沈清辞的脑子“轰”一声,炸了。她疯了一样扑过去,伸出抖着的手,想把那朵黑花拔掉。
可那花,长在肉里,根本拔不动!
她的动作惊醒了孩子。
萧无念慢慢地睁开了眼睛。
那是一双什么样的眼睛啊……左边瞳孔还是真龙的金,右边瞳孔却变得黑不见底,跟深渊似的。
他看着沈清辞,虚弱地笑了。
“娘,你醒了。”
“为什么……你为什么要这么做……”沈清辞的眼泪,跟断了线的珠子似的,滚滚地掉。
“因为你是娘啊。”无念伸出小手,想给她擦眼泪,声音里带着点天真的理所当然,“娘为了救我,可以变魔。”
“我为了救娘,当然也可以变魔。”
“这很公平。”
“傻孩子……你这个傻孩子……”萧彻冲过来,一把把他抱怀里,眼眶都红了。
无念却轻轻推开他,自己挣扎着下了床。
他走到屋里的铜镜前,好奇地打量着镜子里那个右半身浮现魔纹,右眼发黑的自己。
他回头,用那半金半黑的瞳孔,看着心碎的父母,问道:
“爹,娘,你们觉得……我现在这样,好看吗?”
沈清辞的心,被这句话刺得千疮百孔。
无念转身,背着他们,看着镜子里的自己,魔性的右瞳闪着妖异的光。
“我倒是觉得,挺好看的。”
就在这时,窗外,突然传来密集的破空声!
几十支特制的弩箭,绑着装了毒烟的陶罐,射进了行宫的院子!
“砰!砰!砰!”
陶罐碎裂,绿色的毒烟迅速弥漫开,院里巡逻的守军吸了之后,纷纷惨叫着倒地。
是北狄的夜袭军!
无念看着那弥漫的毒烟,只是不屑地抬了抬手。惊人的魔气从他身体里涌出来,把所有的毒烟都吞得干干净净!
他慢慢地走出房门,看向城墙的方向。
朦胧的夜色里,无数的北狄士兵,正跟蚂蚁一样,顺着云梯往上爬。
无念那张嫩嫩的小脸上,露出了一个跟年龄完全不符的笑。
“娘,看孩儿……为你报仇。
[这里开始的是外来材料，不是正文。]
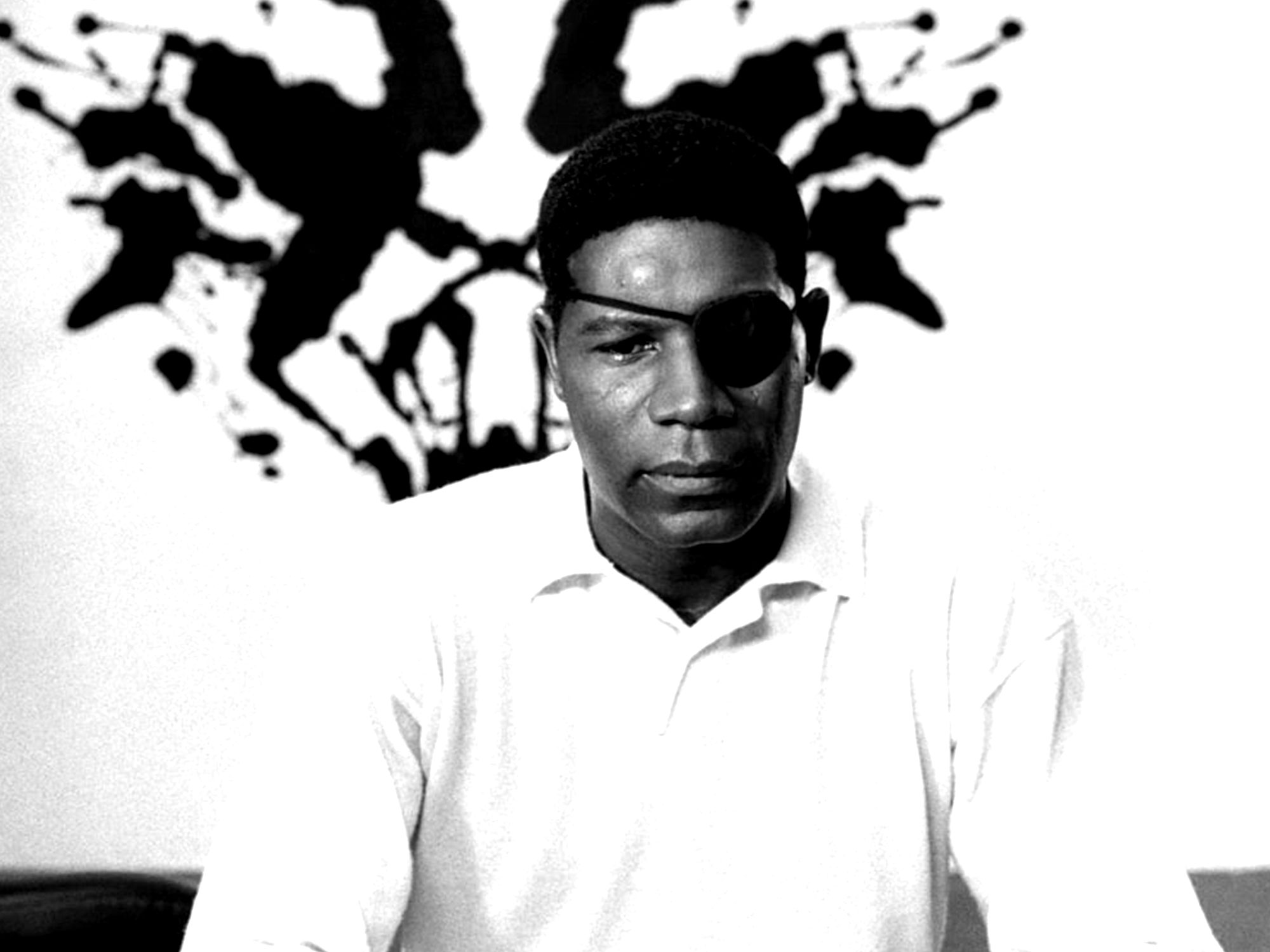 “How is it that we know who we are?” ask psychiatrist Dr Shinoda (Sab Simono) in voiceover at the beginning of Suture. As he continues to discuss the deeply ingrained sense of personal identity, remaining in place no matter how confusing or disorienting circumstances may be, and dislodged only by “a pathology called amnesia”, we are ourselves disoriented by a series of strange images (a black man with an eyepatch and rifle crouched waiting behind the curtain of an opulent shower as a white man approaches with a handgun) that have been wrenched from their contextualising history. This tense, armed confrontation between black and white is likewise presented in a crisp, retro monochrome, with the play of light and shadow and the stylised, canted angles all conjuring the language of film noir.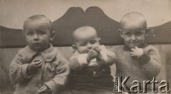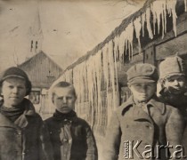 1938, Wielka Głusza, pow. Kamień Koszyrski, Poleskie woj., Polska. Dzieci bawiące się przed chatą. Fot. Eugeniusz Wilczyński, zbiory Ośrodka KARTA, kolekcję Eugeniusza Wilczyńskiego udostępniła Marta Simon.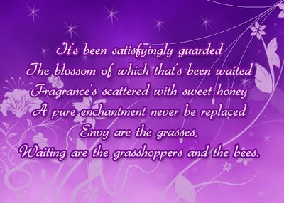 Indeed, after your difficult effort to survive in prairie filled with wild grass, then it is time for a selected man to take you by the hand. With your pure enchanting fragrant, your elegance and honour that you’ve preserved without blemish, have put you in the position of a worthy woman to be chosen. But one thing you have to remember that after the blossom, the battle has not yet ceased. Marriage is a turning point where your battle field changes. You are no longer a girl. Your responsibility, attention and struggle have increased; you should start thinking about your own family, your children, and your husband. My advice for you is to keep your fragrance which you have guarded all the way.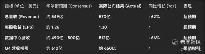 先看业绩。11月19日,英伟达公布的2026财年第三财季财报,用数据狠狠回击了“增长见顶”的说法。当季营收570.06亿美元,比去年同期涨了62%,超过市场预期的542亿美元,其中AI相关的数据中心业务同比狂涨66%!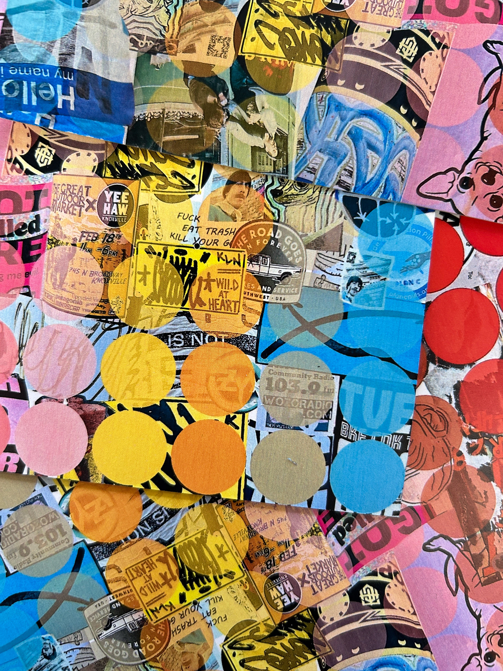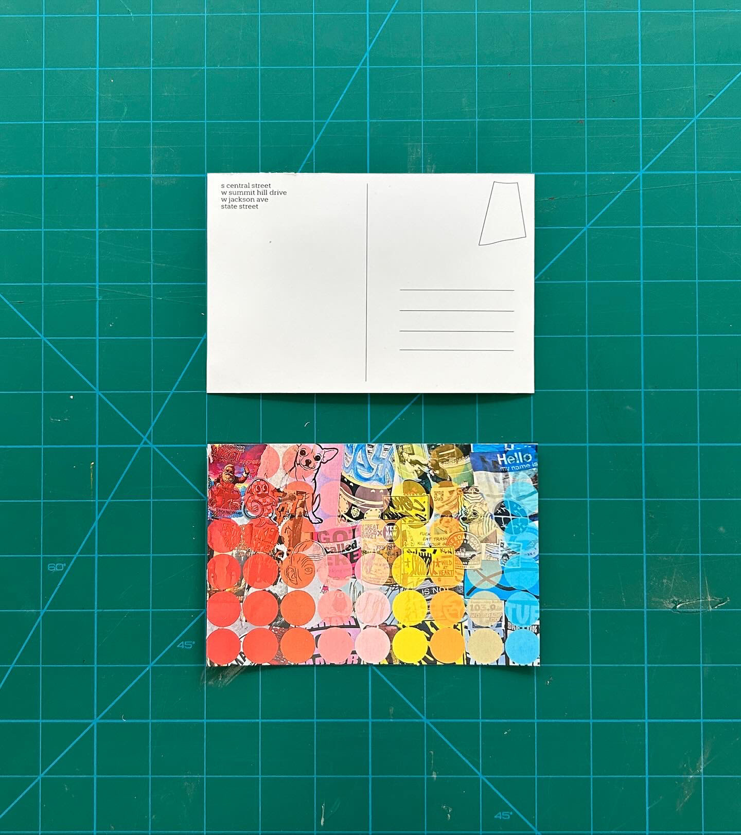 I walked around a block in Knoxville's Old City gathering images of all the stickers and different color doors I saw. I used this info to create a postcard visualizing this data.

”
他纵身一跃,小小的身影,竟然也学着沈清辞之前的样子,从高楼上跳下去!
他那只属于小孩的右手,在下落中,迎风暴涨,变成了一只覆盖着黑色鳞片的魔爪,一爪子就撕碎了一架正在爬城的云梯!
夜袭的北狄军,被这突如其来的一幕,吓得直往后退!
可无念,却杀得兴起,魔气冲天!
沈清辞见了,不顾一切地冲下城楼,从背后死死地抱住他。
“无念!停下来!快停下来!”
无念慢慢地回过头。
那双半金半黑的瞳孔里,已经没有了一点温度,只剩下混乱的杀戮欲望。
“你是谁?”
“为什么,要抱着我?”
***
魔种发芽之后,萧无念进了一种半魔化的状态。
他的右半身被魔气侵蚀,强大又嗜血;左半身还留着真龙血脉,纯净又脆弱。
他的神智,也变得时而清醒,时而混乱。清醒时,他还是那个会心疼父母的、懂事的孩子;可一旦陷入混乱,他便六亲不认,只知道杀。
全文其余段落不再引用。